The Current Operating Partnership owns, directly or indirectly, all of the properties that the Company has acquired. As of December 31, 2019, the Company owned approximately 87.7% of the OP Units of the Current Operating Partnership. As a result of the contribution of five properties to the Company and the Self Administration Transaction, the former sponsor and certain of its affiliates, including certain officers of the Company, owned approximately 10.6% of the OP Units of the Current Operating Partnership, including approximately 2.4 million units owned by the Company’s Executive Chairman and Chairman of the Board, Kevin A. Shields, as of December 31, 2019. The remaining approximately 1.7% OP Units are owned by unaffiliated third parties. 6,000 OP Units of the Current Operating Partnership have been redeemed during the years ended December 31, 2019 and 2018. The Current Operating Partnership may conduct certain activities through one or more of the Company’s taxable REIT subsidiaries, which are wholly-owned subsidiaries of the Current Operating Partnership.

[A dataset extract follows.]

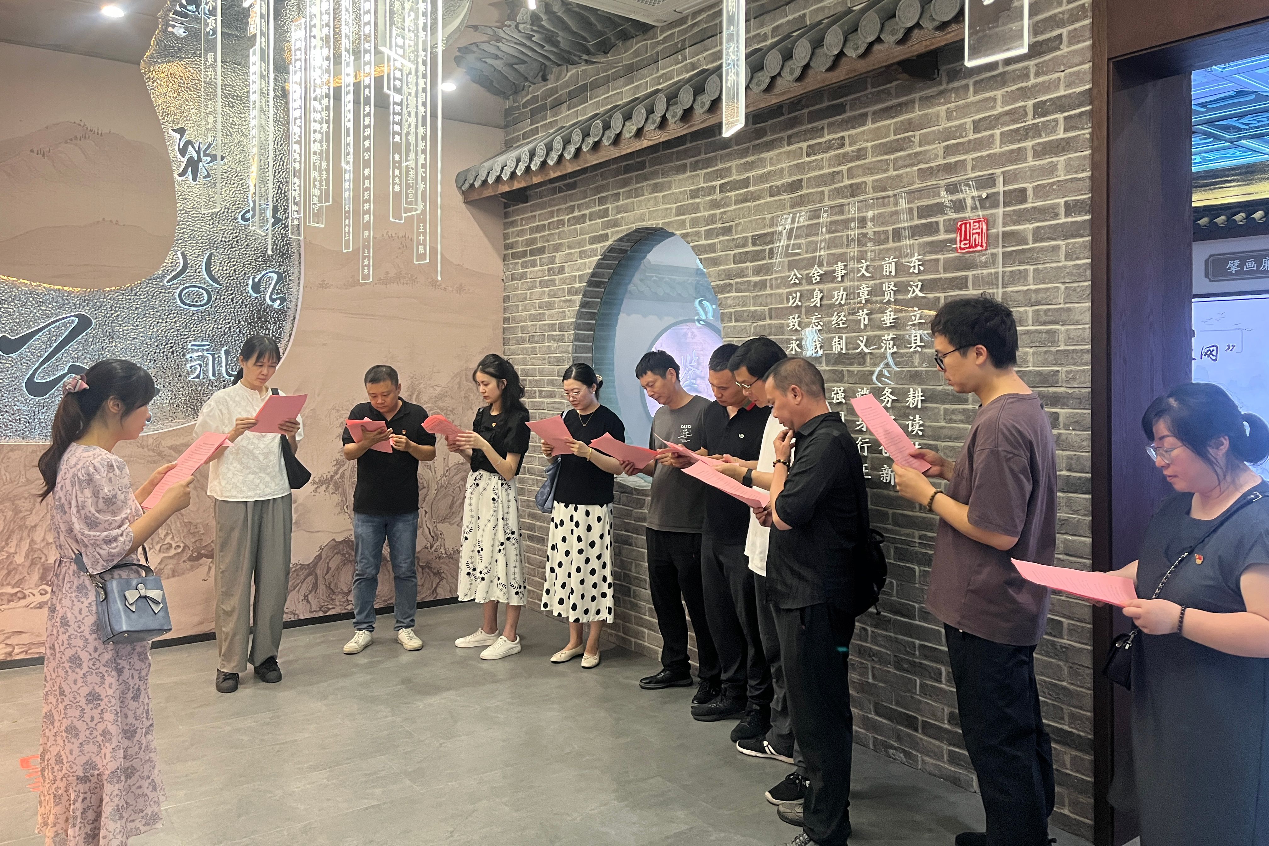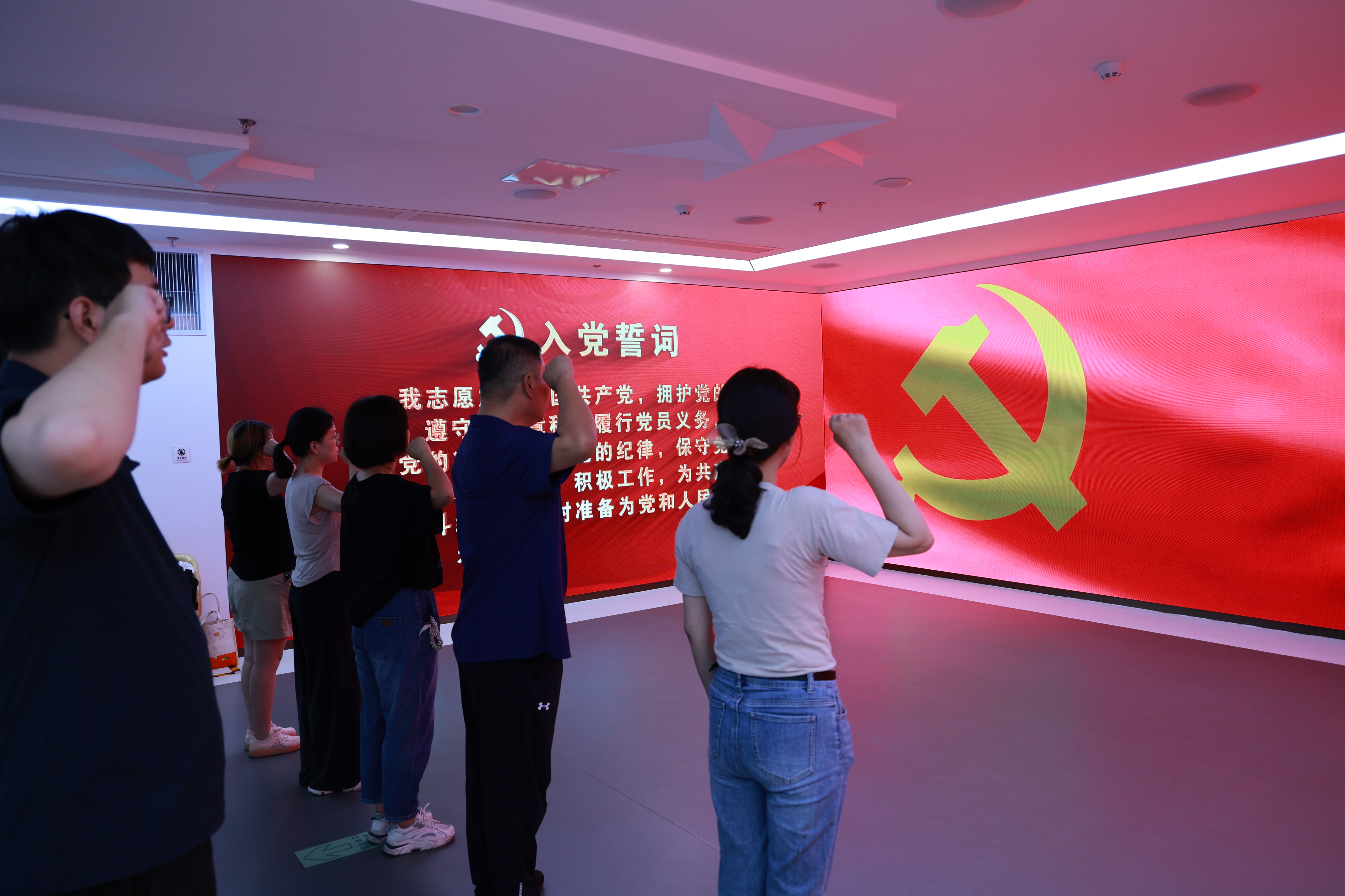 隨后大家參觀(guān)了甌江紅黨建人才綜合體。在講解員的引導下,依次參觀(guān)了時(shí)光走廊、紅色理想區和主題黨日館等等。一張張歷史照片,一幕幕紅色影片,帶黨員們了解了幾百年前的光輝歷史,深入學(xué)習了中共黨史和溫州黨史的紅色歷程,期間黨員們還共同學(xué)習習近平總書(shū)記十次考察寧波舟山港指示精神并重溫了入黨誓詞。

Since November 9, 2009, the Company had issued 281,468,830 shares of common stock as of December 31, 2019. The Company has received aggregate gross offering proceeds of approximately $2.7 billion from the sale of shares in its various private offerings, public offerings, and DRP offerings (shares and gross offering proceeds include EA-1 amounts). The Company also issued approximately 43,772,611 shares of its common stock upon the consummation of the merger of Signature Office REIT, Inc. in June 2015. There were 227,853,720 shares of common stock outstanding as of December 31, 2019, including shares issued pursuant to the DRP, less shares redeemed pursuant to the SRP and self-tender offer. As of December 31, 2019 and December 31, 2018, the Company had issued approximately $293.7 million and $252.8 million in shares pursuant to the DRP, respectively. As of December 31, 2019, 20.6 million subject to the Company's quarterly cap on aggregate redemptions are classified on the consolidated balance sheet as common stock subject to redemption.